Hellenistic Period: Polis Decline and Philosophical Shifts
Hellenistic Period: Decline of the Polis
The Hellenistic period marks the decline of the polis as a political form. This decline stemmed from the policies of Alexander the Great (a student of Aristotle), who initiated a campaign to conquer the Greek world and parts of Asia. This context highlights the weakness of the polis for two primary reasons:
- The poleis were too small to adapt to new political and economic requirements, leading to a loss of their main characteristics (self-sufficiency and autonomy).

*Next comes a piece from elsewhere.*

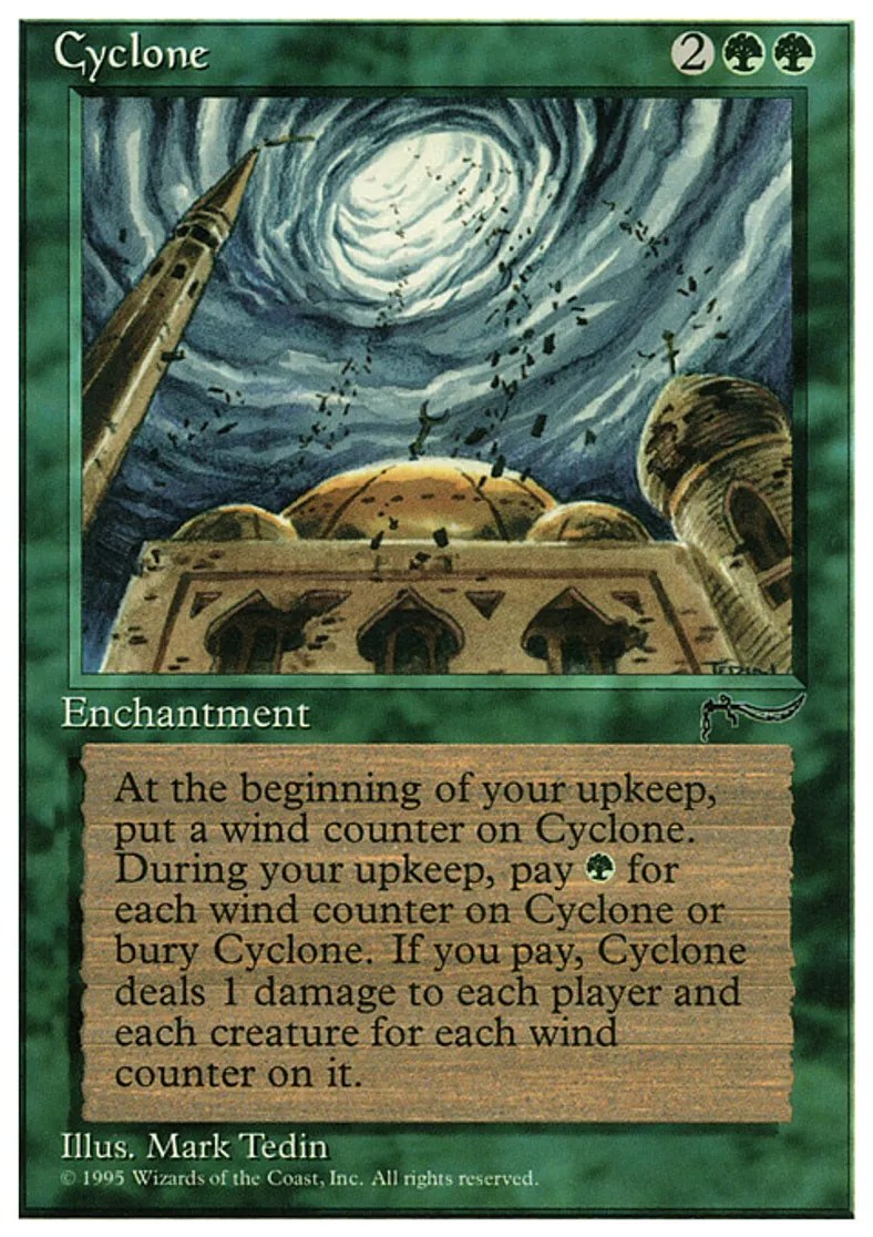 | Oracle Text | At the beginning of your upkeep, put a wind counter on Cyclone, then sacrifice Cyclone unless you pay {{g}} for each wind counter on it. If you pay, Cyclone deals damage equal to the number of wind counters on it to each creature and each player. | ||

- They lacked sufficient military force to deal with imperialism. The poleis became territories or provinces within empires.
Hellenistic Monarchy
The government established by Alexander the Great and his successors across the conquered territories is known as the Hellenistic Monarchy:
- The king was identified with the law (a living embodiment of it), and the allegiance of citizens shifted from the polis to the king.
- The king was perceived as an exceptional, charismatic figure, sometimes even as a divine being. This undermined the foundation of the polis, which was based on citizen participation in political life. The former citizen and politician became a subject: a taxpayer under a distant power. This contradicted the classical Greek ideal of being subject to the rule of law, not the arbitrary will of a single man (tyranny).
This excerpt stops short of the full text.